After add node operation, cluster admin must manually update Load Balancer host entry in the newly added nodes. Applicable to all the node additions to cluster. For example, worker node, compute only, and nodes.
Certificate must be manually updated to Load Balancer in case of expiry. This step ensures Load Balancer isn't using stale certificates and avoids health check/communication failures to backend sets. For more information, see Updating an Expiring Load Balancer Certificate to update expired certificate.
Launch Trino-SQL Kernels π
JupyterHub PyTrino kernel provides an SQL interface that allows you to run Trino queries using JupySQL. This is available for Big Data Service 3.0.28 or later ODH 2.x clusters.

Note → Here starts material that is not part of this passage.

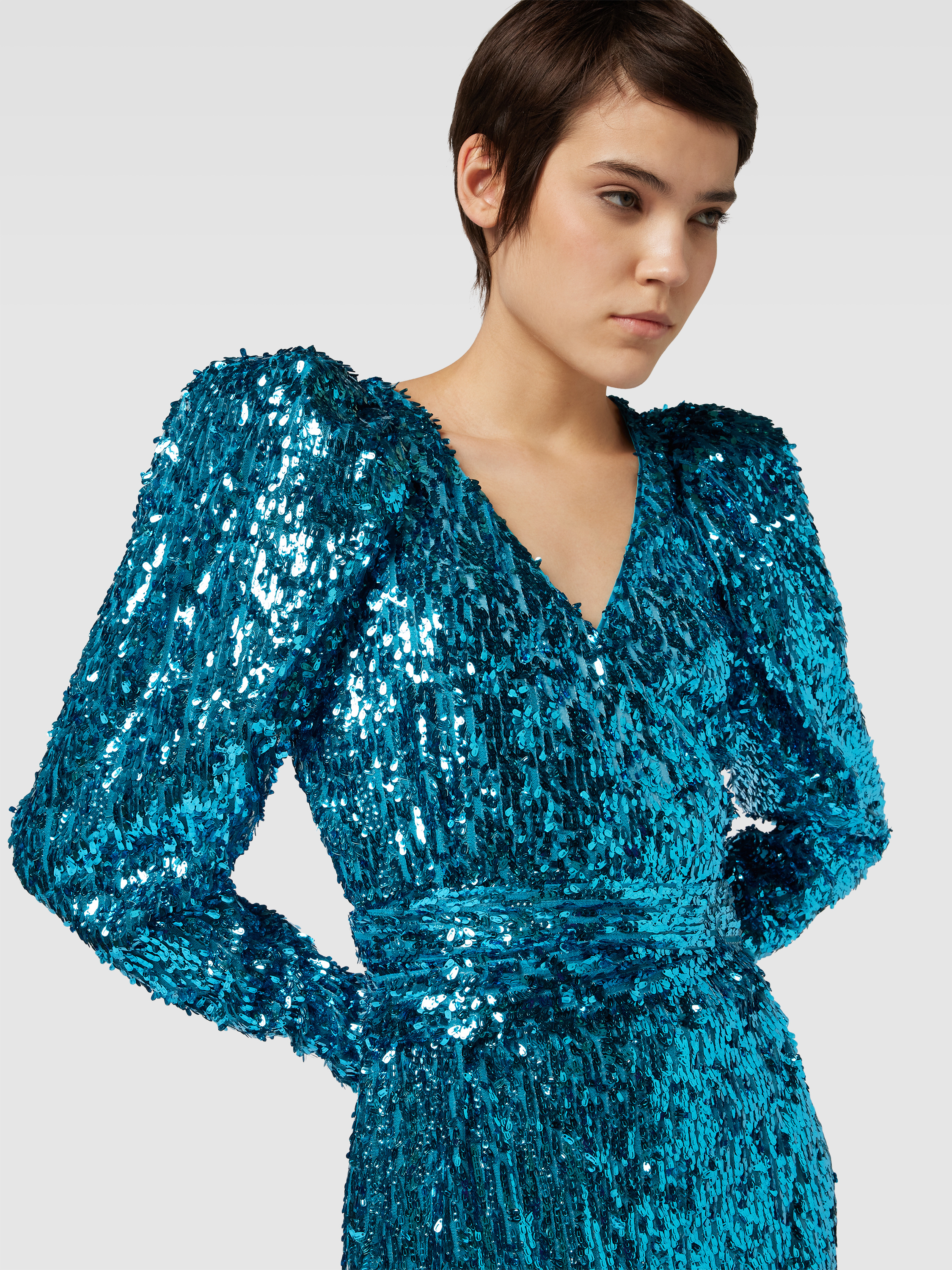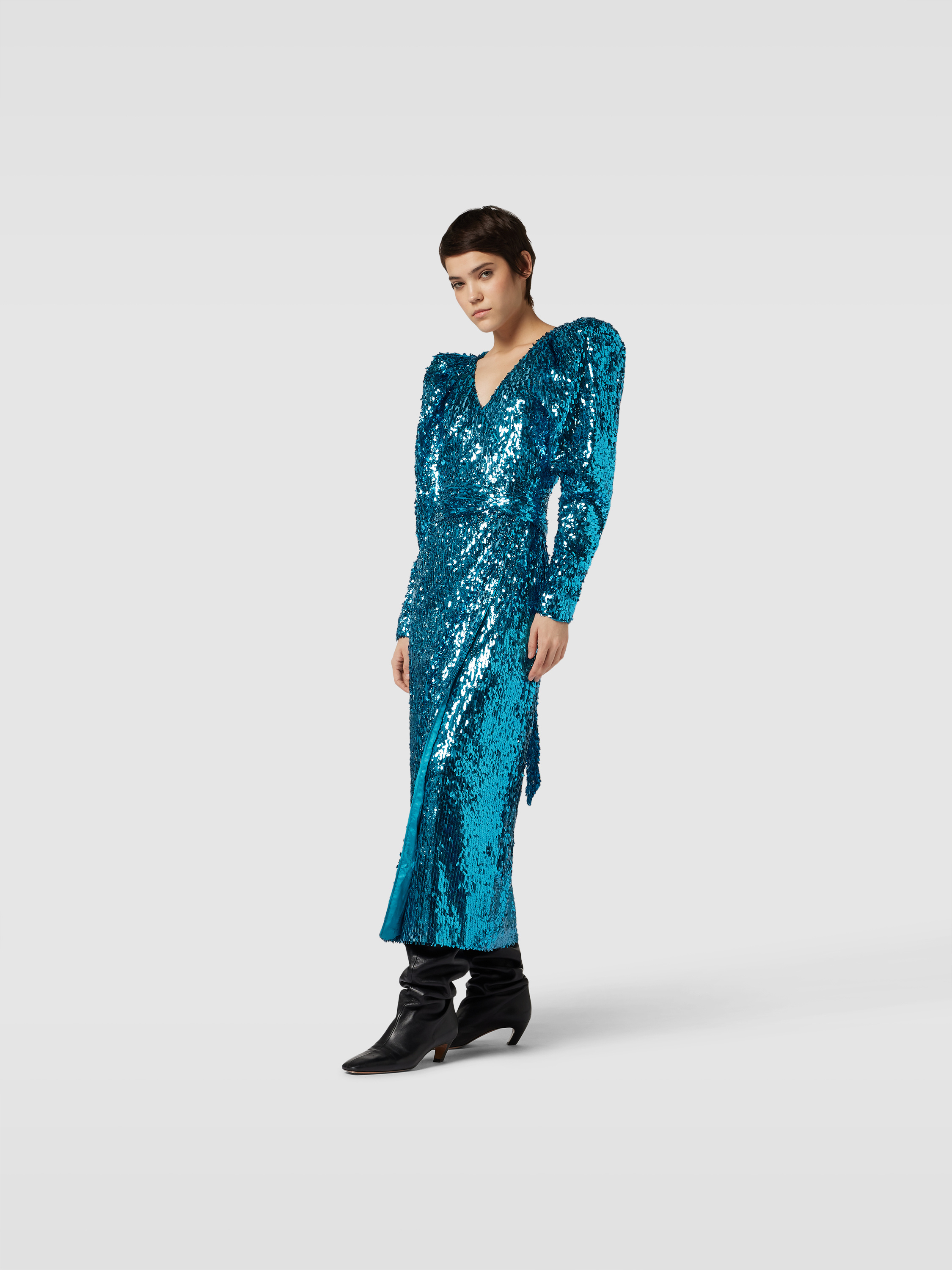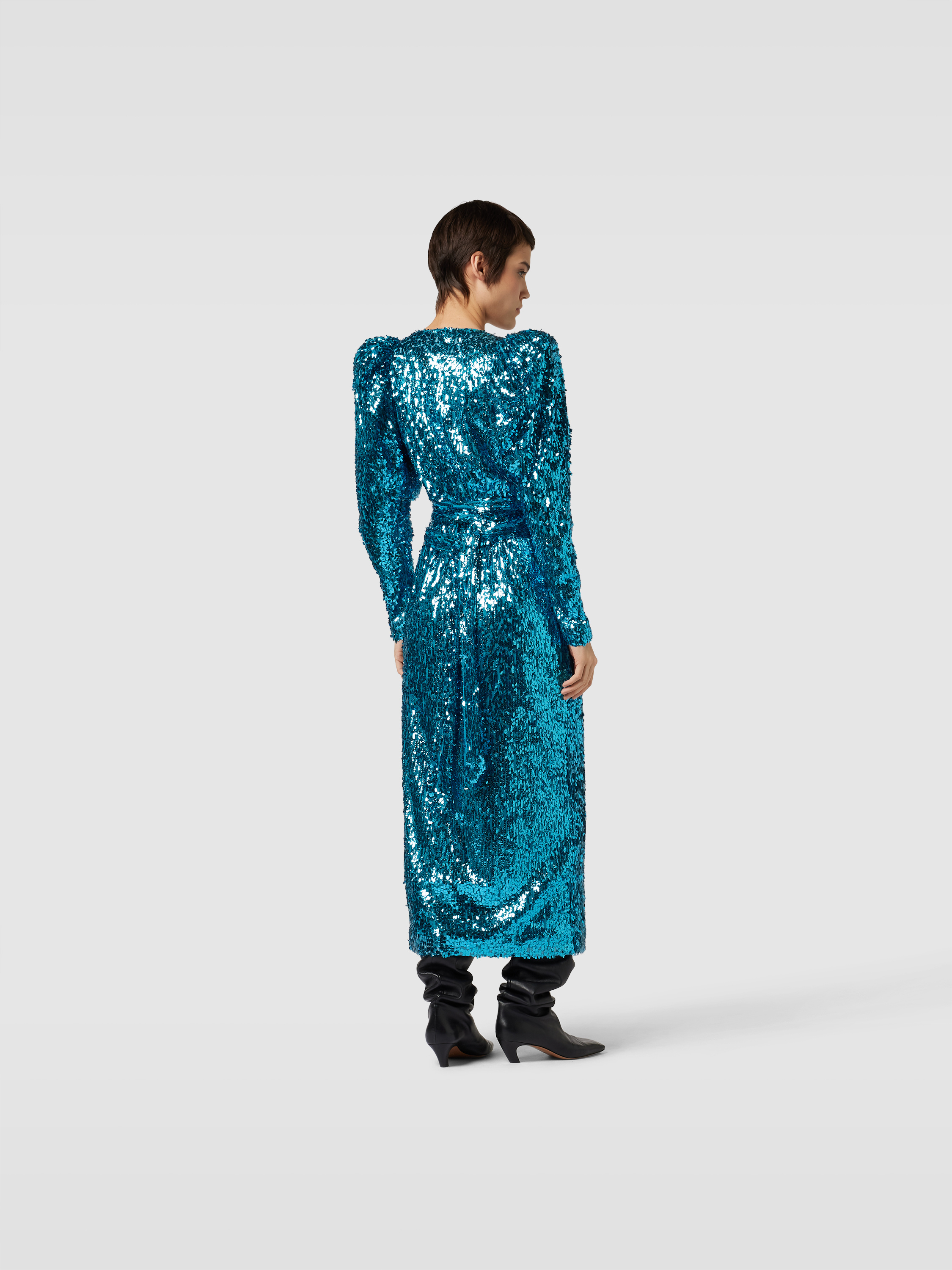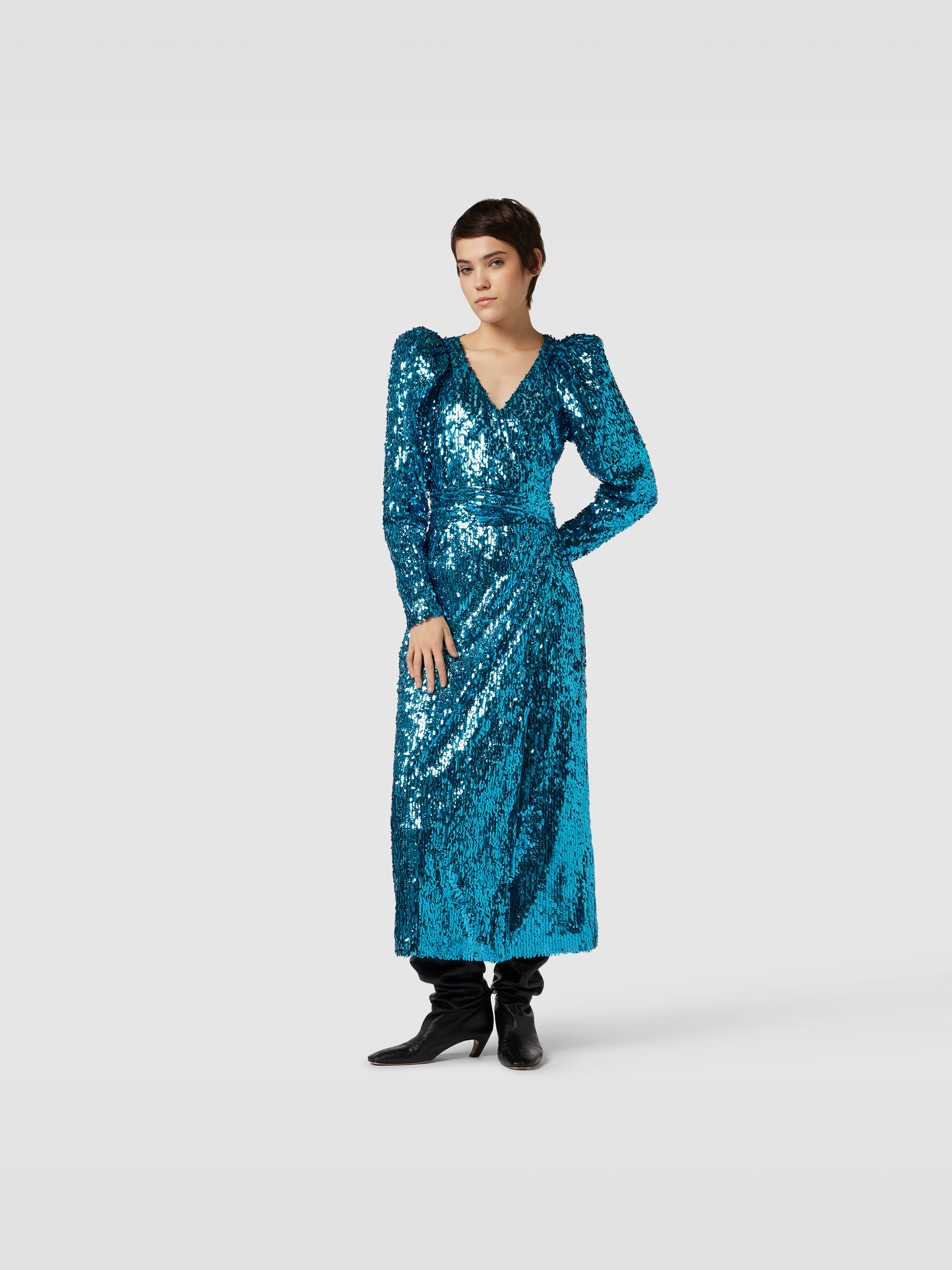 Das Maxikleid von ROTATE BIRGER CHRISTENSEN zeigt sich mit einer körpernahen Passform, die durch den V-Ausschnitt und kurze Puffärmel unterstrichen wird. Der Allover-Paillettenbesatz sorgt für einen dezenten Glanz, während das unifarbene Design vielseitig kombinierbar bleibt. So eignet sich das Kleid sowohl für festliche Anlässe als auch für besondere Momente im Alltag.

# Using the %%sql magic command to execute a multi-line SQL query with the limit variable
top_threshold = 3
%%sql
SELECT custkey, name, acctbal
FROM tpch.sf1.customer
WHERE acctbal > 1000
ORDER BY acctbal DESC limit {{top_threshold}}
Trino session parameters can be configured from the JupyterHub Ambari UI. These session parameters are applied to all user sessions. For more information on session parameters, see Properties reference#.
SqlMagic configurations provide you with flexible control over the behavior and appearance of SQL operations ran in Jupyter notebooks. These parameters can be configured from the JupyterHub Ambari UI and applied to all user sessions.